Volume 35, Number 1, January March 2001
|Page(s)||37 - 70|
|Published online||15 August 2002|
Optimal and Near-Optimal (s,S) Inventory Policies for Levy Demand Processes
School of Operations Research and Industrial Engineering,
Cornell University, Ithaca, NY 14853, U.S.A.
Accepted: February 2001
A Levy jump process is a continuous-time, real-valued stochastic process which has independent and stationary increments, with no Brownian component. We study some of the fundamental properties of Levy jump processes and develop (s,S) inventory models for them. Of particular interest to us is the gamma-distributed Levy process, in which the demand that occurs in a fixed period of time has a gamma distribution. We study the relevant properties of these processes, and we develop a quadratically convergent algorithm for finding optimal (s,S) policies. We develop a simpler heuristic policy and derive a bound on its relative cost. For the gamma-distributed Levy process this bound is 7.9% if backordering unfilled demand is at least twice as expensive as holding inventory.
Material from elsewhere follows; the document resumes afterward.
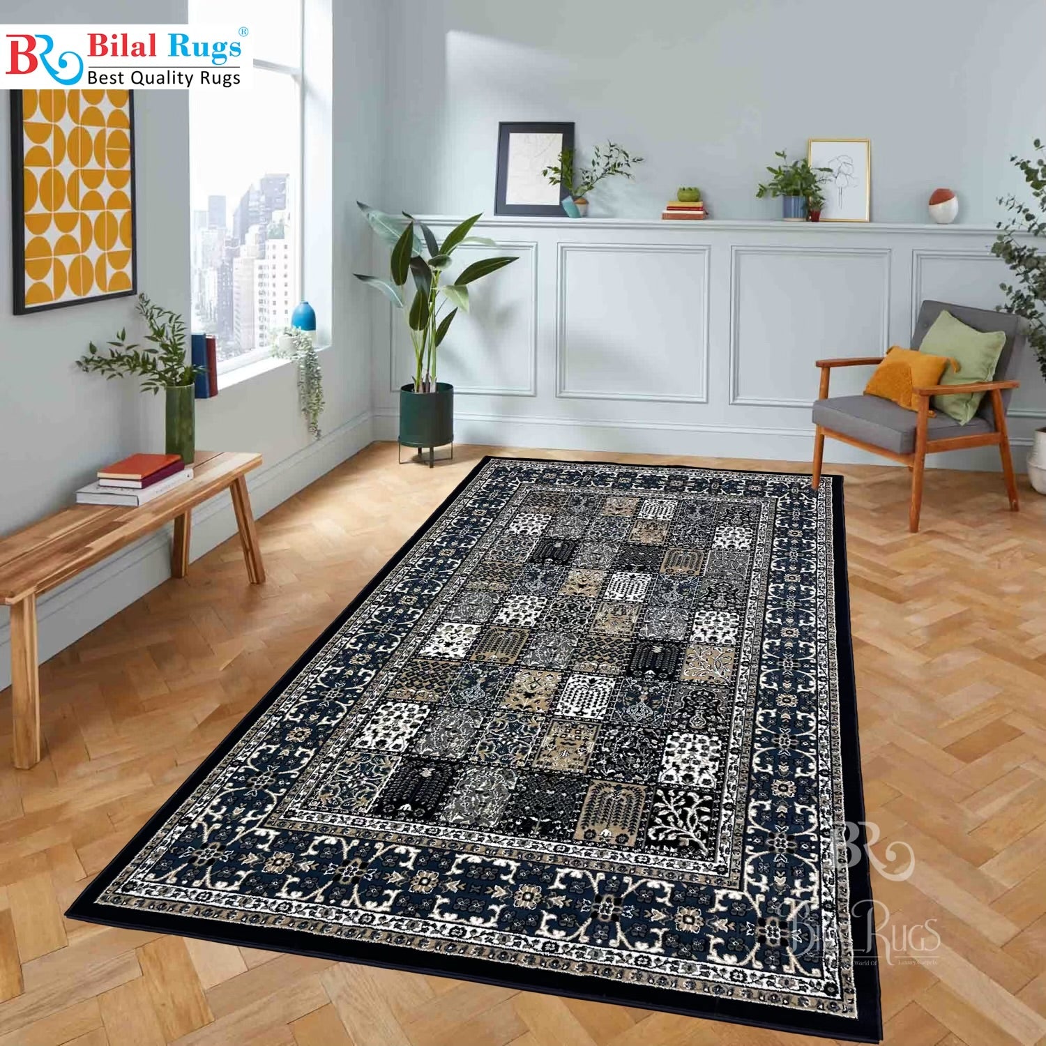 Persian polypropylene Rug,back woven(Article-42-Blue) Size : 6.6 ft width x 9.6 ft length (200cm x 290cm)

Most easily-computed (s,S) inventory policies assume the inventory position to be uniform and assume that there is no overshoot. Our tests indicate that these assumptions are dangerous when the coefficient of variation of the demand that occurs in the reorder interval is less than one. This is often the case for low-demand parts that experience sporadic or spiky demand. As long as the coefficient of variation of the demand that occurs in one reorder interval is at least one, and the service level is reasonably high, all of the polices we tested work very well. However even in this region it is often the case that the standard Hadley–Whitin cost function fails to have a local minimum.